A friend who was looking for a new job texted me "how does one become a demonstrably better engineer?"
Given what I knew of their context, I assumed they were looking for something actionable that would ratchet them up a notch in interviews (perceived more senior). The question stumped me. I just didn't have a good answer. Given the longstanding situation where companies interview in a manner optimized for the software engineering challenges of last century, there are only two ways I really know of that typically manner: be recruited directly by ex-colleagues who know your skills well, or excel at those wrongly optimized tech interview shenanigans. Sometimes the timing is off for the former to work.The problem with the latter is that the longer you spend actually doing typical 21st century engineering work, the less you remember how to pass those useless puzzles that rarely come up in real work (and when they do, are more quickly and reliably solved by doing a litle research rather than trying to implement something from 30 minutes at a white board).
It stumped me so much, I didn't reply for a few days while I mulled it over. Then I went on vacation for a couple of weeks, feeling guiltier every time I remembered I still didn't have an answer.
Procrastination is like a credit card: it's a lot of fun until you get the bill. - Christopher Parker
— The Quote (@thequote) June 2, 2021
I've spent a couple of decades hiring engineers off and on. Most of that time I've conducted the exact same pair programming interview, but that would be a whole other post and not likely to be relative to my friend's interviews. I considered how I would start to believe someone was a senior level engineer in the absence of my usual rubric.
I still don't have a great answer but I do have a couple of thoughts.
1) I believe that the best software engineers are like blacksmiths.
Photo credit: Yi Chen
Both blacksmiths and software engineers make their own tools. The tools they use on the job are made of the same stuff they produce, so a master of the craft should be comfortable doing this. Making your own tools demonstrates not only that you understand how to do basic tasks for your job, but you probably also understand which tasks are the most important to the overall goals, and have creative thoughts about how the approach to those tasks could be improved. So one way to demonstrate your skills are to be able to talk about the tools you have made and how they helped you and/or your colleagues reach team goals better.

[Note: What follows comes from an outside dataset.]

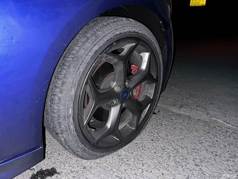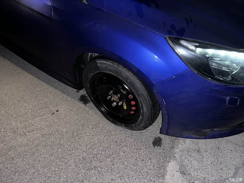 16分钟、换好轮胎、感觉备胎也有点却气。 凌晨4点、完全没有补胎加气的
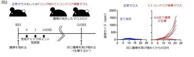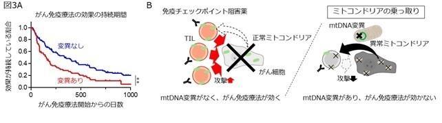 研究チームは、TILのミトコンドリアの損傷原因を解明するために、mtDNAの配列を調べたところ、約40%の症例でがん細胞と同じ変異が見つかりました(図1A)。そこで、がん細胞からTILへのミトコンドリアの移動を疑い、がん細胞のミトコンドリアを赤、TILのミトコンドリアを緑に色付けして観察したところ、がん細胞からTILにミトコンドリアが移動し、入れ替わるものがあることがわかりました(図1B)。その結果、がん細胞のmtDNA変異がTILにも現れるようになりました。その原因として、活性酸素(ROS)が関与していると考え、ROSを取り除く薬を使うと、ミトコンドリアの入れ替わりが抑えられました。また、変異したTILではエネルギーを作る機能が低下し、その働きも弱くなりました。T細胞のミトコンドリアが損傷したマウスでは、がん免疫療法が効きにくくなり、特にいったん免疫チェックポイント阻害薬で治療した後に、腫瘍が再びできやすくなることが示されました(図2)。さらに、腫瘍でmtDNA変異が見つかる患者さんでは、がん免疫療法の効果が長続きせず、生存率も悪化することがわかりました(図3A)。これらの結果から、がん細胞が異常なミトコンドリアをTILに送り込み乗っ取ってしまうことでTILの働きを妨げ、免疫システムから逃れようとしていることが明らかになり、このことががん免疫療法の効果を弱める一因となっていることがわかりました(図3B)。

- Maybe you automated a tedious task that used to waste time and/or allow human error to creep in.
- Maybe you extracted data on your processes and built a report to show where bottlenecks lie.
- Maybe you built a tool to visualize your app logs in a richer way, allowing issues to be found quicker.
- Maybe you extracted code to a sharable package so that it could be shared by system components.
- Maybe you developed an IDE plugin that improved support for a custom part of your system.
I believe conversation about tools you've built reveal a lot about how an engineer thinks and can highlight the skills with which you feel comfortable. It can also be interesting to discuss the tools you didn't build and why.
2) Have a portfolio
One of the major problems with demonstrating your skill at interviews, is that probably all that great code you've written for past employers is closed source and unavailable to show. One solution to this is to have contributed to open source projects. Not everyone has time to start and maintain their own meaningful Open Source Software project, or even to make significant contributions to one, but just like the professional artists' need to maintain a public portfolio, there is a benefit to having something on Github you can point to and talk about.
I don't plan on ever being a hiring manager again, but if I were I would consider the following as an addition to my usual pair programming exercise: ask the interviewee to be prepared to talk about a few contributions they made to OSS projects. It could be simply finding open Issues in an existing project and submitting a PR for it. Some things that might be interesting to discuss:
- Why did they choose the project?
- How did they communicate with existing contributors? (if the communication was public on Github, walk me through it)
- Why do they think the Issue had not already been resolved?
- What approaches did they consider in implementation? Why did they decide on the one that they did?
- What tests did they add to ensure their implementation was correct?
- How did they handle PR feedback?
There are similar opportunities to have something in the OSS ecosystem without even contributing shipping code:
- They could pick a project with a lot of open PRs and in a technology they know well and simply code review them. In fact, given modern prevalence of code reviews, I think this would be a great thing to demonstrate to an interviewer.
- They could contribute tests to low code coverage projects. It's an even better story if these tests exposed previously unknown bugs!
- They could contribute failing tests that highlight an open Issue.
Obviously the interviewee could cherry pick their best OSS contribution narratives to demonstrate, but as an interviewer I would value recency so even if you have a great story to tell and show from years back, I would still put a little time into having one or two recent examples as well.